What this study adds?

  • More children were admitted to hospitals in Scotland between 2006 and 2013 than the period 1981 to 2005. Between 2006 and 2010, after the introduction of routine heptavalent pneumococcal vaccination empyema incidence doubled. After 13-valent vaccination was introduced in 2010, empyema incidence has fallen modestly.

Introduction

Empyema is a serious complication of pneumonia in children. A number of studies reported an increasing incidence of paediatric empyema during the 1990s and early 2000s.1–6 Streptococcus pneumoniae (pneumococcus) is a common cause of pneumonia and the most common pathogen isolated in empyema,7 ,8 but our previous data suggested that changes in the epidemiology of empyema occurred at a time when pneumonia incidence was static.1 One explanation for the increasing incidence of empyema might be changes in pneumococcal virulence or serotype distribution.

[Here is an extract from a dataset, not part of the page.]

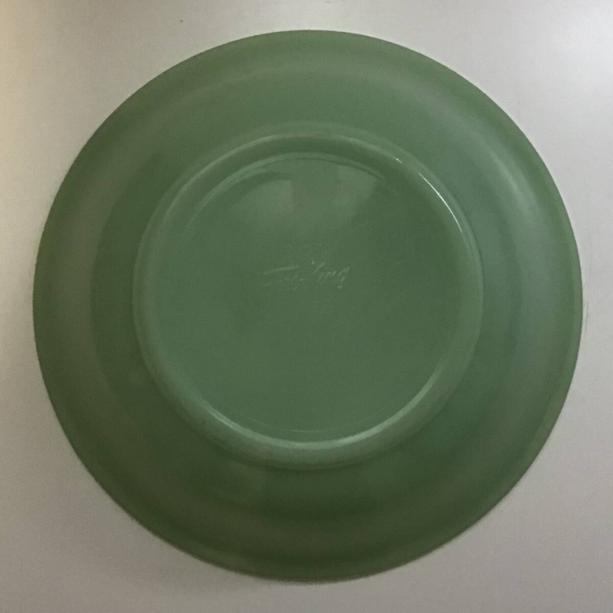 ・Fire-King のジェダイト食器は、リサイクルガラスの混合物を使用して作られています。緑色は、リサイクルされた緑色のガラス瓶を他の添加物とともに溶かして作られました。この工程により、Fire-King のジェダイト特有の緑色が生まれました。使用される緑色ガラスの量が異なるため、緑色の色合いが異なり、ガラスに渦巻き状の模様が見られる場合もあります。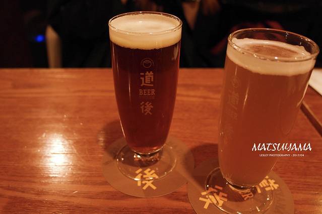 这家叫做「道後麦酒館」的店,最有名的就是当地酿的啤酒,分为金银铜三个奖项和限定四款,分别是「漱石ビール」、「マドンナビール」、「坊っちゃんビール」、「のぼさんビール」,我们要了银奖和限定款。容量的话分为グラス(250ml)500円、ジョッキ(500ml)860円和ピッチャー(1800ml)3200円三种,我们这是最小杯。

Routine vaccination beginning in infancy with a 7-valent pneumococcal conjugate vaccine (PCV-7) containing antigen against serotypes 4, 6B, 9 V, 14, 18C, 19F and 23F was introduced in the USA in 2000 and subsequently into the UK paediatric schedule in 2006. In the UK, this programme appears to have been effective in reducing the frequency of hospital admissions for pneumonia.8 ,9 In April 2010, PCV-7 was superceded by a 13-valent vaccine (PCV-13) providing coverage for six additional serotypes (1, 3, 5, 6A, 7F and 19A); these serotypes are responsible for a significant proportion of invasive pneumococcal disease in UK children2 and the PCV-13 might therefore be expected to lead to a reduction in the incidence of empyema.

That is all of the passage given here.